— Mais puisque je te dis que ce n'est pas la première fois que l'on se voit !
Je t'ai vu tous les jours, hier et avant-hier et encore avant !
— C'est bon, ça ira, j'ai plus envie d'en parler.
Si tu le dis, c'est que c'est vrai.
Un domestique (?) de Shion était venu avec une grosse voiture pour nous récupérer.
J'avais refusé de monter, par politesse, mais Shion m'avait poussé sur la banquette arrière, fourguant mon vélo dans le coffre par la même occasion.
La voiture, une berline assez luxueuse, se trouvait sur la petite route qui menait à Hinamizawa.
Shion m'avait l'air encore plus douée que Mion, car quelle que fût la question, elle arrivait toujours à s'en sortir.
— En tout cas, vous êtes vraiment pareilles.
Si tu t'attaches les cheveux en arrière, on ne peut plus vous différencier toutes les deux, je parie ?
— Ah, qui sait ?
Je pourrais essayer, et je pense que c'est ce qu'il se passerait.
Nous sommes de vraies jumelles monozygotes.
Quand nous étions plus petites, on s'échangeait nos habits, et personne n'arrivait à faire la différence.
On s'amusait à tous les tourner en bourrique à l'époque, on a essayé des tas de choses !
L'homme d'âge mûr qui servait de chauffeur, entièrement habillé de noir comme un vrai majordome, poussa un long soupir.
— Eh ben Kassai,
ça veut dire quoi ce soupir ?
— Veuillez m'excuser, mademoiselle.
Je me disais simplement que vous n'aviez pas vraiment changé depuis cette époque.

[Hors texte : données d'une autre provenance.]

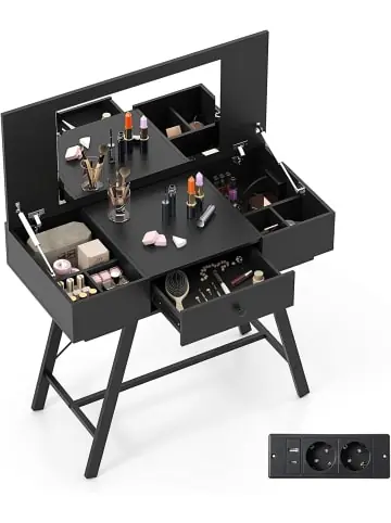 Beschreibung: Unser 2-in-1 Schminktisch verwandelt sich mühelos von einem Schreibtisch zu einer geräumigen Schminkstation mit seinem klappbaren Design. Die Tischplatte öffnet sich und enthüllt einen Spiegel und zusätzlichen Stauraum, darunter 6 Fächer für Kosmetik und Schmuck sowie eine praktische Schublade für tägliche Essentials. Bleiben Sie mit der integrierten Ladestation aufgeladen und halten Sie Kabel dank eines versteckten Kabellochs aus dem Blick. Sein stabiler Metallrahmen mit X-Verstrebung sorgt für hohe Stabilität und die mitgelieferten Wandmontagesets bieten zusätzliche Sicherheit. Mit einer Mischung aus rustikalem Charme und modernen Linien bietet der Tisch sowohl Funktionalität als auch Stil für Ihren Raum.Eigenschaften: 2 große und 4 kleine versteckte Fächer für Ihre Beauty-Produkte Eine tiefe Schublade fasst Ihre täglichen Essentials ohne die Notwendigkeit, die Tischplatte anzuheben Multi-Port-Ladestation unterstützt verschiedene Arten von Geräten Kabelmanagementloch verhindert Kabelsalat Verstärkter Metallrahmen und X-Verstrebung erhöhen die Haltbarkeit Anti-Kipp-Kits sichern den Schminktisch an der Wand und verhindern das Umkippen Material: Metall, Holzwerkstoff Gesamtabmessungen: 96,5 × 46,5 × 80,5 cm Maximale Höhe: 124 cm Maße des Spiegels: 60 × 36,5 cm Maße jedes großen Fachs: 25 × 25 × 13 cm (L x B x H) Maße jedes kleinen Fachs: 12 × 16,5 × 13 cm (L x B x H) Innere Größe der Schublade: 35 × 40 × 9,5 cm (B x T x H) Kabellänge: 145 cm Nettogewicht: 24,5 kg 2 AC Steckdosen: 230V AC/Max 10A 1 USB & 1 Type-C Anschluss: 5V/2,4A insgesamtLieferungsumfang: 1 x Schminktisch 1 x Anleitung

En regardant son visage grâce au rétroviseur intérieur, je pus y lire toute la fatigue accumulée lors de toutes ses années de service.
— Mais dis-voir, c'est bien par là, pour aller chez toi ?

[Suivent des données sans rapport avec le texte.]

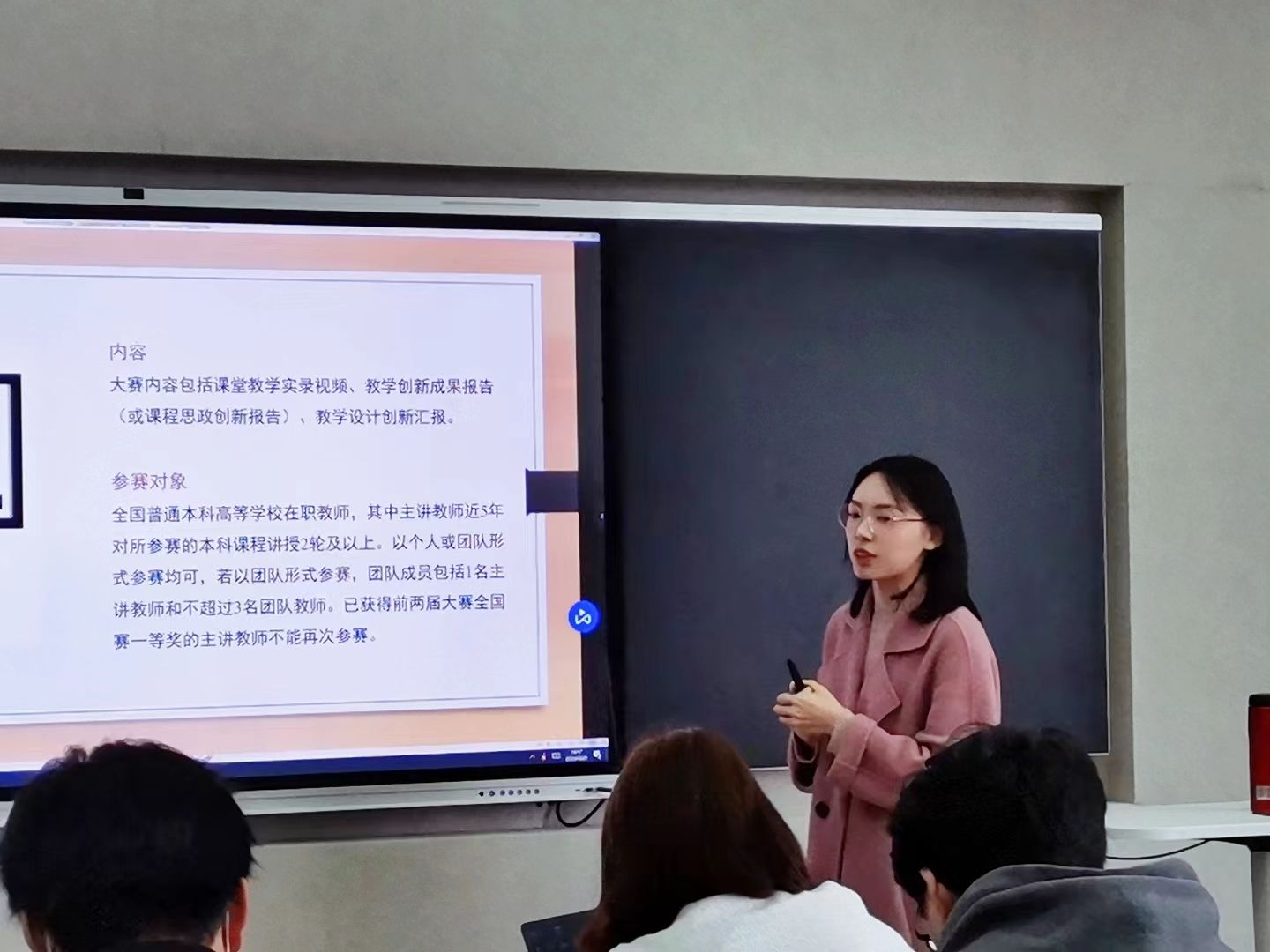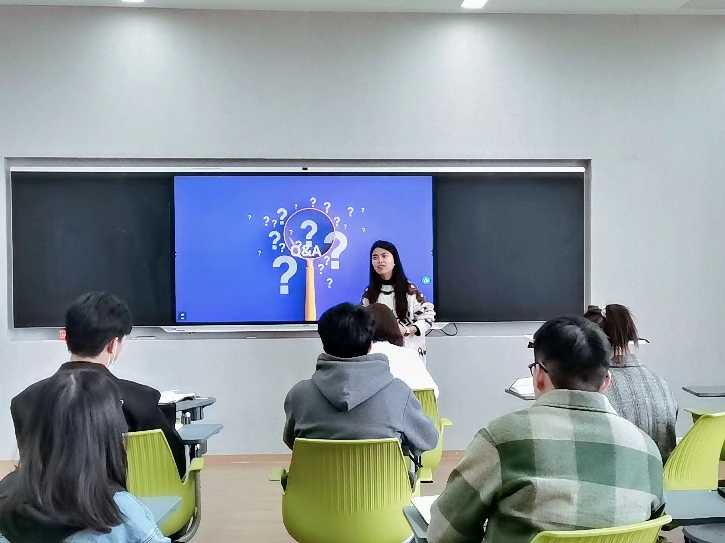 唐智盟老师作在分享会上详细介绍了自己参加西浦全国大学教学创新大赛的经验,分享了比赛的核心理念、参赛人群、比赛流程、评分细节等内容。同时,结合自己获奖的课程《博雅英语(1)》,分享了创新实践和研究经验。她表示,该课程结合“POA理论体系”,提出了“以产出为导向,以学生为中心,教师为主导”的教学模式,通过情境教学和互动策略,在自然的学习环境中引导学生主动参与课程学习。在分享会上,唐智盟老师还详细介绍了自己的项目设计思路、实现过程和获奖经验,并与现场教师进行了交流讨论,鼓励教师们在教学中注重创新与积累,不断深入探究教学中的问题,提高自己的教学水平。

Kassai ne connaît pas trop les chemins de Hinamizawa, à part celui entre nos deux maisons.
Si tu le laisses conduire en silence, il est capable de rouler jusqu'à Yago'uchi.
— Quoi, eh non, déconne pas !
Excusez-moi, vous pouvez me laisser à l'entrée du petit chemin qui mène à droite, là-bas ?
Ce sera largement suffisant.
Il arrêta la voiture exactement à l'endroit demandé.
Le fameux “Kassai” sortit mon vélo et me le tendit.
— Ah, merci beaucoup.
Je m'excuse de vous avoir fait rouler tout ce chemin, c'est gentil à vous.
— Vous vous appelez Keiichi,
si j'ai bien compris ?
— Hein ? Oui, effectivement, pourquoi ?
— ... Je pense qu'elle vous en fera voir de toutes les couleurs, mais ne vous inquiétez pas, elle finira par s'en lasser. Ayez un peu de patience avec elle, c'est tout.
Il poussa à nouveau un profond soupir.
J'étais prêt à parier qu'il en avait vues, des vertes et des pas mûres, depuis qu'il était au service des Sonozaki...
— Mais vous savez, elle est très gentille au fond, comme mademoiselle Mion.
— Quoi, vous voulez dire qu'elle est aussi chiante que sa sœur ? Vous n'êtes pas sérieux ?
Avec un sourire poli parfaitement figé et de grosses gouttes de sueur sur le front, l'homme resta parfaitement coi.
Roh purée, c'est juste une blague, quoi !
— Allez, salut Kei ! À la prochaine.
Passe le bonjour à ma sœur de ma part.
J'ai presqu'envie de m'inscrire à l'école de Hinamizawa, tiens...
— Nan, vas-y, déconne pas.
Si tu te pointes chez nous, je cherche même pas à comprendre, je me fais transférer dans celle d'Okinomiya.
— Oh le salaud, c'est super méchant ce que tu dis, là, Kei !
Il y eut un coup de klaxon, très court.
Le chauffeur me fit un petit signe de la main.
La voiture repartit de plus belle sur le chemin obscur, laissant un nuage de poussière derrière elle.
Franchement, la journée avait été terrible.
Dans un éclair, j'eus le souvenir vivace du regard vide qu'avait eu Mion lorsqu'elle nous avait vus ensemble. On aurait dit un animal mort debout, comme foudroyé par l'aiguille empoisonnée d'une sarbacane… J'eus beaucoup de mal à l'oublier.